Pre-purchase exams are performed as an aid to help the purchaser make an informed decision on the suitability of a horse prior to purchase. There are numerous factors that may affect the decision making process, such as whether the horse has done the type of work intended, whether it has physical or training limitations, whether it will be a suitable investment and whether any of the problems uncovered during an exam can be managed in the future.
Of course everyone would like to find the perfect horse that will go on to do exactly what that person wants and not have any issues. The reality is that this horse doesn't exist. Every horse has some issue(s), some can be managed more easily than others and some of these may be an acceptable trade-off for what the horse offers in terms of training, ability to perform at shows and taking care of the rider.

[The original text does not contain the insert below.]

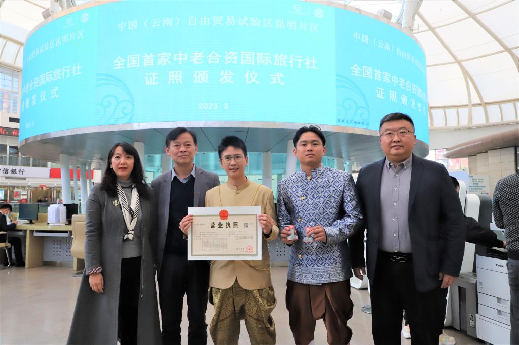 3月8日,全国首家中(国)老(挝)合资国际旅行社证照在中国(云南)自由贸易试验区昆明片区颁发,永利官网老挝籍留学生王伟(中文名)创业项目“云南老中国际旅行社有限公司”落地自贸试验区昆明片区,这也是云南省首家外资旅行社在片区落地。

All of these exams involve a review of available history and radiographs, a thorough physical exam and a complete soundness evaluation which involves observing the horse in hand, on the lunge and performing flexion tests. Typically radiographs are performed at the end of the exam. The radiographs are digital and can be evaluated at the time of the exam. Other procedures are available and can be included depending on the desires of the purchaser: ultrasound exam of the limbs or reproductive tract, laboratory tests, endoscopy and/or thermography.
A report will be generated at the end that will include the information from the exam as well as suggestions for management in the future. Ultimately it is the decision of the purchaser to decide in favor of the horse or not. The Veterinarian is not the one to pass or fail a horse, but instead the one to help the purchaser understand as much as they can before making the decision to purchase an animal.